▶ **THE INPUT**:

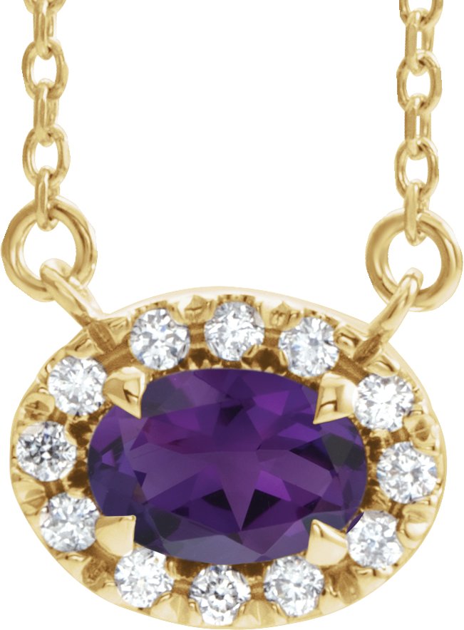 14K Yellow 6x4 mm Oval Amethyst & 1/10 CTW Diamond 18 inch Necklace
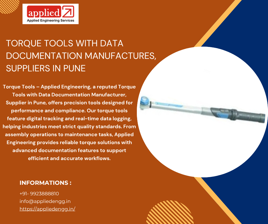 Torque Tools â Applied Engineering, a reputed Torque Tools with Data Documentation Manufacturer, Supplier in Pune, offers precision tools designed for performance and compliance. Our torque tools feature digital tracking and real-time data logging, helping industries meet strict quality standards. From assembly operations to maintenance tasks, Applied Engineering provides reliable torque solutions with advanced documentation features to support efficient and accurate workflows.
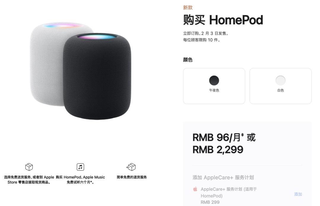 这款被称为苹果“最保值产品”的全尺寸HomePod在停产2年后,于昨晚无预警上线官网,售价2299元。
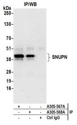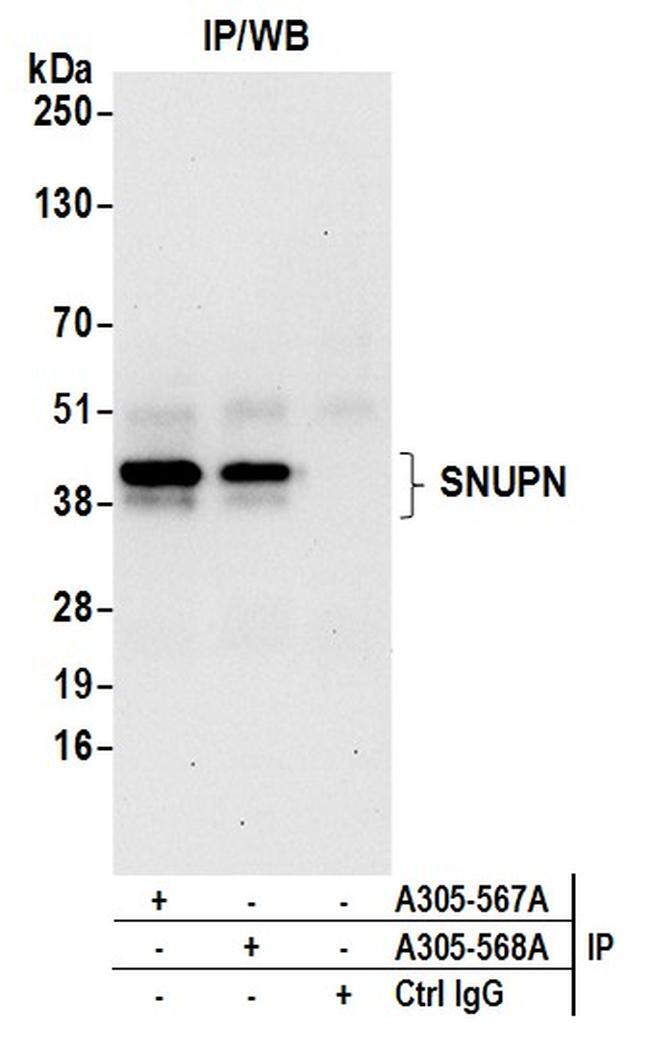 - Detection of human SNUPN by western blot of immunoprecipitates. Samples: Whole cell lysate (0.5 or 1.0 mg per IP reaction; 20% of IP loaded) from 293T cells prepared using NETN lysis buffer. Antibodies: Affinity purified rabbit anti-SNUPN antibody A305-568A (lot A305-568A-1) used for IP at 6 µg per reaction. SNUPN was also immunoprecipitated by rabbit anti-SNUPN antibody A305-567A. For blotting immunoprecipitated SNUPN, A305-568A was used at 0.4 µg/ml. Detection: Chemiluminescence with an exposure time of 30 seconds.
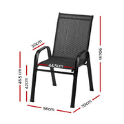 Whether you're hosting an outdoor intimate dinner party or barbeque night for your friends or family, the Gardeon outdoor stackable chair set is perfect to design a gorgeous outdoor setting that will wow your guests. The chairs are stackable, which makes for convenient and easy storage when not required. Designed for years of enjoyment, the chair set boasts classic looks and are made from premium textilene fabric and sturdy metal frame with durable powder coating. The anti-slip feet and good weather-resistance also makes them quite desirable. You can also pair this chair set with our sturdy and beautiful matching table to create a harmonious look.
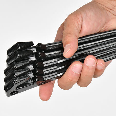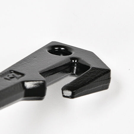 フック部は片面だけ斜めに大きく削ぎ落として、ロープを掛けやすくしています。また、掛けたロープの滑りを良くするため、ロープが当たるコーナーのみ、Rを大きく取っています。
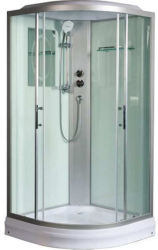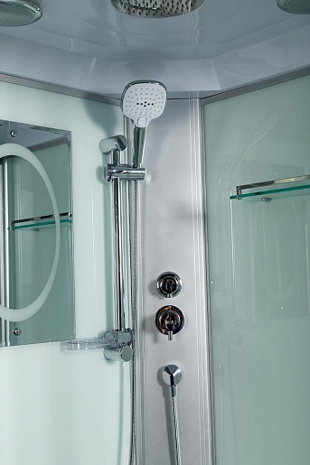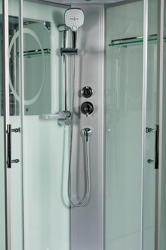 В кабине присутствует возможность переключения трёх режимов ручного душа, имеется верхний душ с функцией очистки Easy Clean, препятствующей образованию подтёков. Длина растягивающегося шланга составляет 150-190 сантиметров. В кабине установлены полочка, привлекательное зеркало с рамкой и фацетом, штанга-мыльница. Также в конструкцию включена сетка-уловитель для волос. Высота акрилового подъёма со съёмным экраном – 16 см.- безсиликоновая сборка

▶ **REQUIRED ACTION**:
Each of the lines above should be transcribed exactly; no image is to be copied.

▶ **EXPECTED OUTPUT**:
 14K Yellow 6x4 mm Oval Amethyst & 1/10 CTW Diamond 18 inch Necklace
 Torque Tools â Applied Engineering, a reputed Torque Tools with Data Documentation Manufacturer, Supplier in Pune, offers precision tools designed for performance and compliance. Our torque tools feature digital tracking and real-time data logging, helping industries meet strict quality standards. From assembly operations to maintenance tasks, Applied Engineering provides reliable torque solutions with advanced documentation features to support efficient and accurate workflows.
 这款被称为苹果“最保值产品”的全尺寸HomePod在停产2年后,于昨晚无预警上线官网,售价2299元。
 - Detection of human SNUPN by western blot of immunoprecipitates. Samples: Whole cell lysate (0.5 or 1.0 mg per IP reaction; 20% of IP loaded) from 293T cells prepared using NETN lysis buffer. Antibodies: Affinity purified rabbit anti-SNUPN antibody A305-568A (lot A305-568A-1) used for IP at 6 µg per reaction. SNUPN was also immunoprecipitated by rabbit anti-SNUPN antibody A305-567A. For blotting immunoprecipitated SNUPN, A305-568A was used at 0.4 µg/ml. Detection: Chemiluminescence with an exposure time of 30 seconds.
 Whether you're hosting an outdoor intimate dinner party or barbeque night for your friends or family, the Gardeon outdoor stackable chair set is perfect to design a gorgeous outdoor setting that will wow your guests. The chairs are stackable, which makes for convenient and easy storage when not required. Designed for years of enjoyment, the chair set boasts classic looks and are made from premium textilene fabric and sturdy metal frame with durable powder coating. The anti-slip feet and good weather-resistance also makes them quite desirable. You can also pair this chair set with our sturdy and beautiful matching table to create a harmonious look.
 フック部は片面だけ斜めに大きく削ぎ落として、ロープを掛けやすくしています。また、掛けたロープの滑りを良くするため、ロープが当たるコーナーのみ、Rを大きく取っています。
 В кабине присутствует возможность переключения трёх режимов ручного душа, имеется верхний душ с функцией очистки Easy Clean, препятствующей образованию подтёков. Длина растягивающегося шланга составляет 150-190 сантиметров. В кабине установлены полочка, привлекательное зеркало с рамкой и фацетом, штанга-мыльница. Также в конструкцию включена сетка-уловитель для волос. Высота акрилового подъёма со съёмным экраном – 16 см.- безсиликоновая сборка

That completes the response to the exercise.